Saturday we went to the funeral service, burial and reception for Ed’s second cousin (his mother’s cousin.) His mother was close with this family as they retrieved her from the orphanage after her father was killed in the war and her mother couldn’t manage being a single parent working full time. From what I’ve gathered she spent her weekends with her mother and weekdays with relatives after the stint in the orphanage. Any rate, this man was more like an uncle to Ed given his mother’s relationship. An Irish police officer and later a sheriff, the ceremony was all you’d expect with Irish prayer and proverb scattered in among the traditional Catholic Mass, honor guard, bag pipes at the burial site and a whole lot of libations. (He’d never arrested someone for drinking and driving because he didn’t view it as crime. The closest he came, his brother, who was on a drunk driving task force, told the story, was when a neighbor nearly hit his patrol car whilst careening through a red light at an intersection. His fellow officer drove the neighbor’s car home and they handcuffed him to his bed – releasing him after their shift was over.)
A different era. He was a member of the Elk’s Club. The woman who sat next to me at the reception said, “Oh they threw the best parties, the Elks. Bands inside and outside. Once I smoked a cigar at one of those parties. We were drinking and bands were playing and someone passed around a cigar. When we got home my husband said that the cigar was taking things a little too far.” And she laughed (may he rest in peace.) Somehow a more innocent time. A cigar taking things a little too far. Oh for our vices to be so benign.
On our way home we bought a new bed, again paying more then I’d planned or budgeted. (At some point the spending just has to stop, but it feels like it hasn’t even wholly begun.) I’ve had this old bed for some fifteen plus years and while it served me well as the best bed in the world, now that it sags and we roll into the middle it’s startling to think it once deserved that title.

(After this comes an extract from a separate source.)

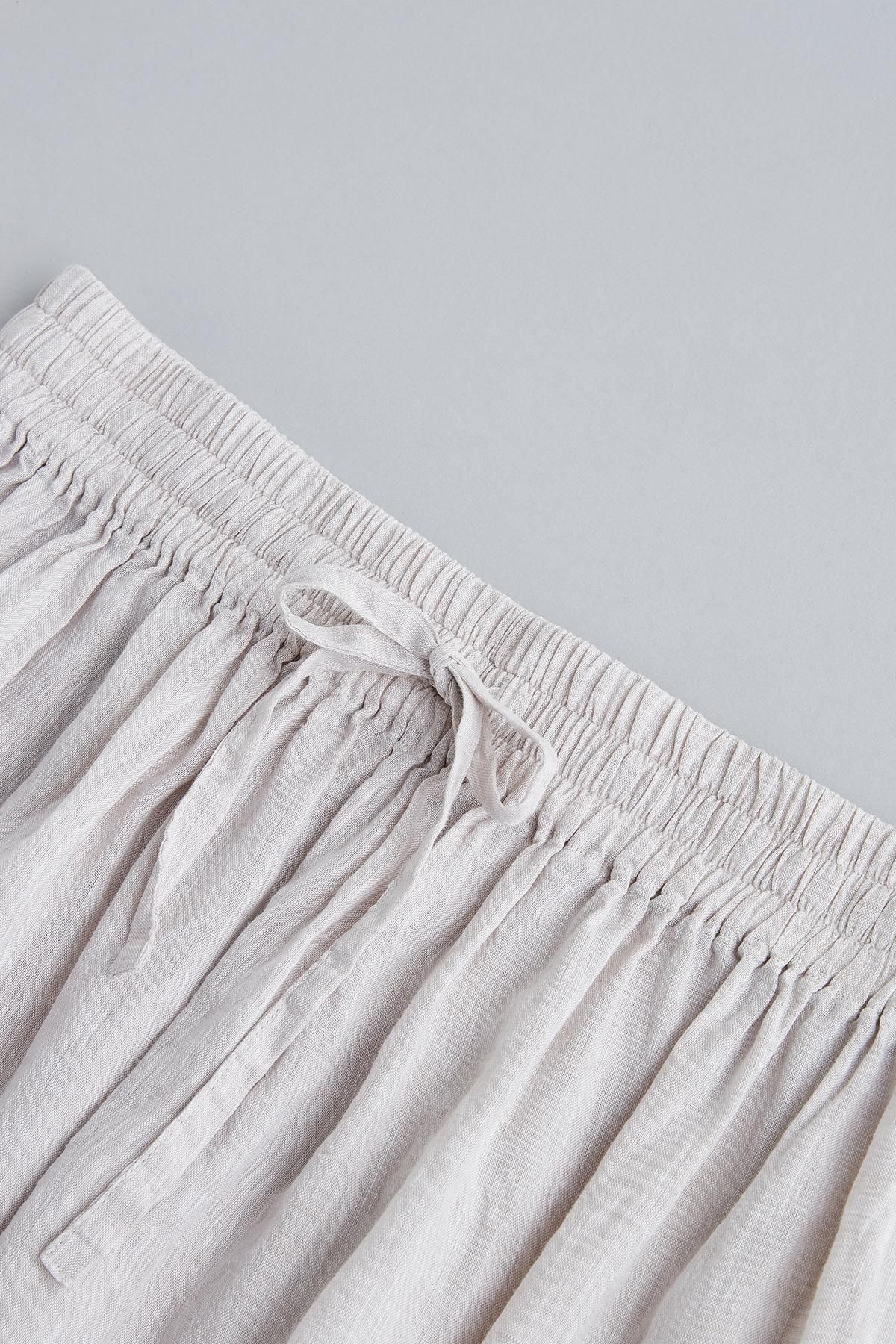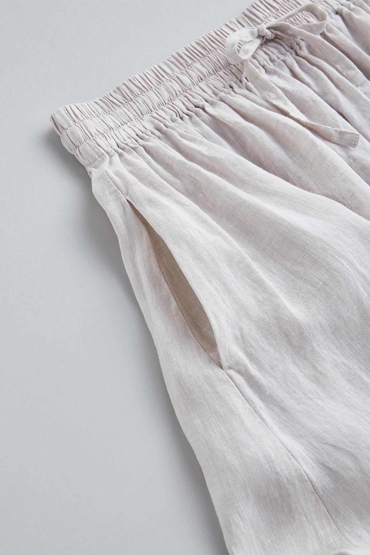 ・使用している布地は、フレンチリネン。フレンチリネンは、フランス産のフラックス(亜麻)を原料としてつくられた生地で、リネンのなかでも最高級とされています。吸湿速乾に優れ、肌触りがよく、着るたびに肌になじみ、光沢感が増してきます。
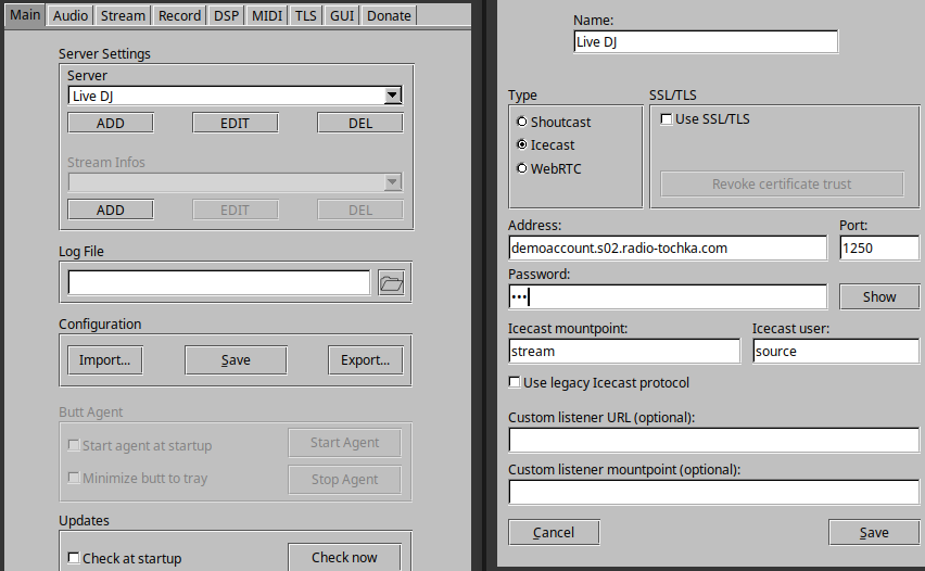 Настройка сервера в BUTT

A different era. The lovers that found grace in those sheets - quiet moments, forgetful moments. Ah. I have no sadness in shaking off the past. Sometimes I wish it would disappear with all its trinkets and baubles. Other times I cling to it like a life raft. What is it about ghosts that sit with us more steadfast then our closest living friends? It’s like once you die or fade into the past you become the house guest that won’t leave. That old bed is too crowded anyways.